Bernardo C. Bernardo (January 28, 1945 – March 8, 2018) was a Filipino veteran stage actor, comedian, and film director. He was known for his role as a supporting actor for the blockbuster film Invisible, which is also known as Imbisibol in the Philippines. Bernardo was awarded the Gawad Urian Award for his Best Supporting Actor role for the film, Invisible at the 39th Gawad Urian Awards in 2016 and was also nominated for Best Supporting Actor at the 2016 FAP Awards in the Philippines.
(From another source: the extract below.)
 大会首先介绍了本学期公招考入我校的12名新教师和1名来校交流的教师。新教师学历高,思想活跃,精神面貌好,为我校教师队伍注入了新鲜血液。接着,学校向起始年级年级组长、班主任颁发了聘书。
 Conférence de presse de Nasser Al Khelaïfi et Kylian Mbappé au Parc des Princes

Bernardo died on March 8, 2018, following a tumor in his pancreas.

==Biography==
Bernardo C. Bernardo was born on January 28, 1945, in Santa Ana, Manila. He received the Degree of Bachelor of Literature in Journalism from the University of Santo Tomas. Bernardo also received the theatre training at the University of California, Santa Barbara and graduated with a Master of Arts Degree at the London Academy of Music and Dramatic Art under a British council grant. He also was the program director of Theater Arts at Meridian International College, also known as MINT College.

==Career==
He rose to prominence as a respectable theatre actor and gained fame as a supporting actor in the Philippines when he transitioned to film industry in the mid-1970s. He went onto win the Gaward Urian Award for Best Actor at the 5th Gawad Urian Awards in 1981 for his role as "Manay Sharon in Ishmael Bernal" for the film, Manila By Night which is also commonly known as City After Dark.
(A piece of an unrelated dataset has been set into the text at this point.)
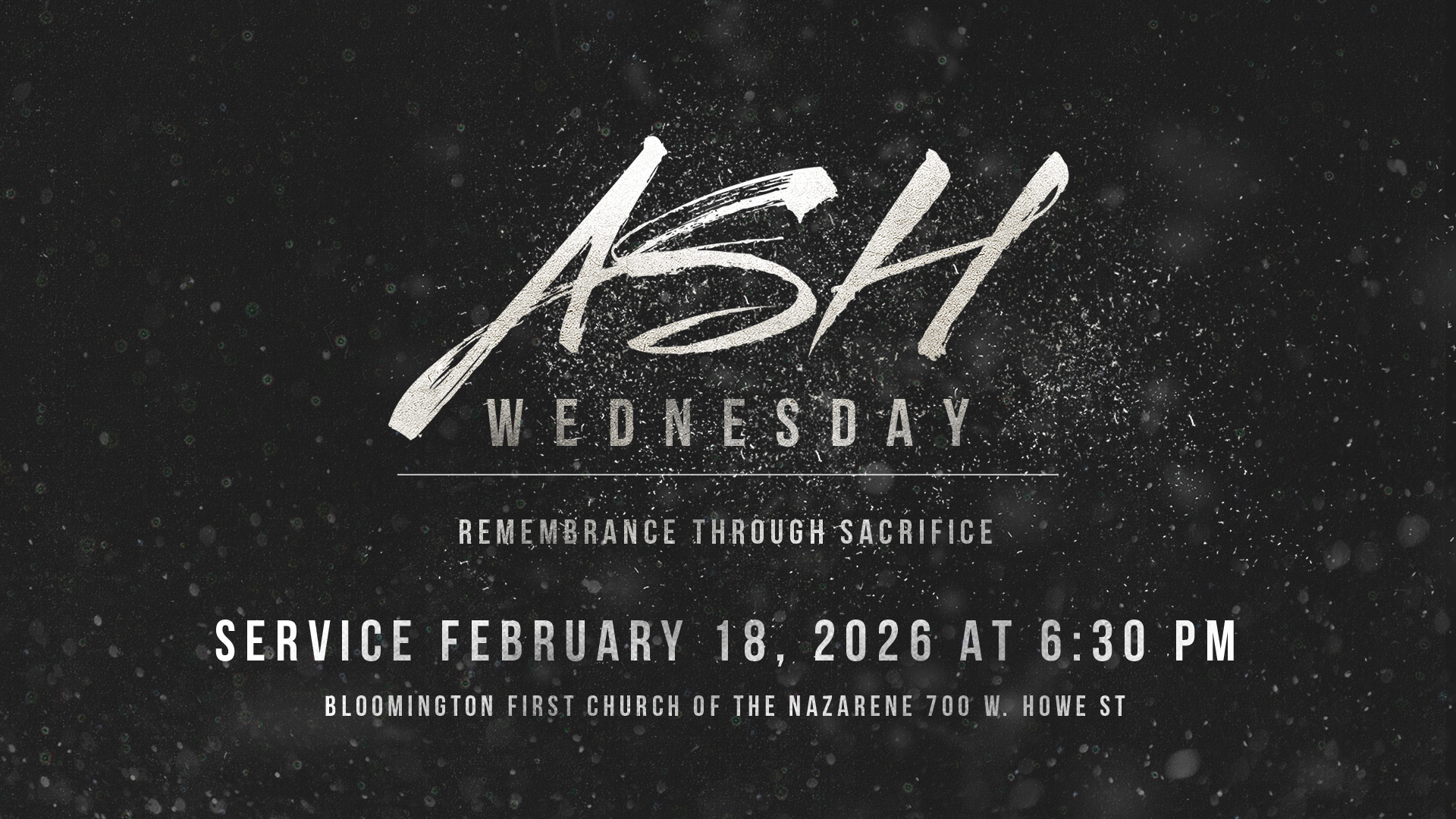 ASH WEDNESDAY SERVICE Join us for Ash Wednesday Service as we begin our Lenten journey. For information about other events at Bloomington First Church of the Nazarene click here.

He also acted in few Filipino comedy series including the role of the antagonist Steve Carpio in the comedy series, Home Along Da Riles.

==Filmography==

=== As actor ===

==== Film ====

| Year | Title | Role |
|---|---|---|
| 1974 | Carnival Song |  |
| 1975 | Lorelei | Julius |
| 1975 | Kapitan Kulas | Gen. Malvar |
| 1976 | Forever Emmanuelle | Artemio |
| 1976 | Sinta! Ang Bituing Bagong Gising | Matanglawin |
| 1980 | Manila by Night | Manay Sharon |
| 1981 | Pabling |  |
| 1983 | Dalmacio Armas |  |
| 1985 | Mga Paru-Parong Buking | Gerry |
| 1985 | Abandonado |  |
| 1986 | Kontra Bandido |  |
| 1986 | Tuklaw |  |
| 1990 | Fatal Vacation | Rebel Leader |
| 1993 | Home Along Da Riles: The Movie | Steve Carpio |
| 1993 | Isang Bala Ka Lang Part II |  |
| 1995 | Father en Son | Derek Capatas |
| 1995 | Magkasangga 2000 | Ador |
| 1996 | Bitag |  |
| 1997 | Home Along Da Riles: The Movie Part 2 | Steve Carpio |
| 1998 | Haba Haba Doo, Puti Puti Poo! | MG. G. Hasa |
| 1998 | Tong Tatlong Tatay Kong Pakitong Kitong | Diday |
| 1999 | Honey My Love So Sweet | Adonis |
| 1999 | Isprikitik: Walastik Kung Pumitik | Assistant Manager |
| 1999 | Tar-San | Professor T-Bak |
| 2001 | Sanggano't Sanggago | Emcee |
| 2005 | Chateau de Roses | Maria |
| 2006 | Ingrata | Hermie |
| 2007 | Pisay | Quizmaster |
| 2008 | Brown Soup Thing | Uncle Bernardo |
| 2014 | Ronda |  |
| 2015 | Imbisibol |  |
| 2015 | Chain Mail |  |
| 2016 | Hele sa Hiwagang Hapis | Lalake/Tikbalang |
| 2016 | Whistleblower |  |
| 2016 | Singing in Graveyards | Lilit |
| 2016 | Purgatoryo | Violet/morgue runner |
| 2017 | The Portrait (last movie) | Don Alvaro |
| 2018 | The Significant Other (posthomus movie) | Mr. Artache |

==== Television ====

| Year | Title | Role |
|---|---|---|
| 1991 | Maalaala Mo Kaya | Migo (Some Good Things) |
| 1993-2002 | Home Along Da Riles | Steve Carpio |
| 2001 | Maalaala Mo Kaya | Aling Mameng |
| 2015 | Fil Lab Presents |  |

===As writer===

| Year | Title |
|---|---|
| 1974 | Happy Days Are Here Again |
| 2006 | Ingrata |

===As director===

| Year | Title | Role |
| 2011-2015 | Pusong Pinoy sa Amerika |

===As production designer===

| Year | Title |
|---|---|
| 1976 | Sinta! Ang Bituing Bagiong Silang |

==Death==
Bernardo Bernardo had been undergoing treatment since January 2018 after developing a potentially life-threatening tumor in his pancreas, which was later diagnosed as pancreatic cancer. He died on March 8, 2018. Actors, directors in the Philippines and other countries paid tribute. Several critics pointed out that the death of Bernardo is a loss to the film industry as he had contributed to the film industry immensely during his lifetime.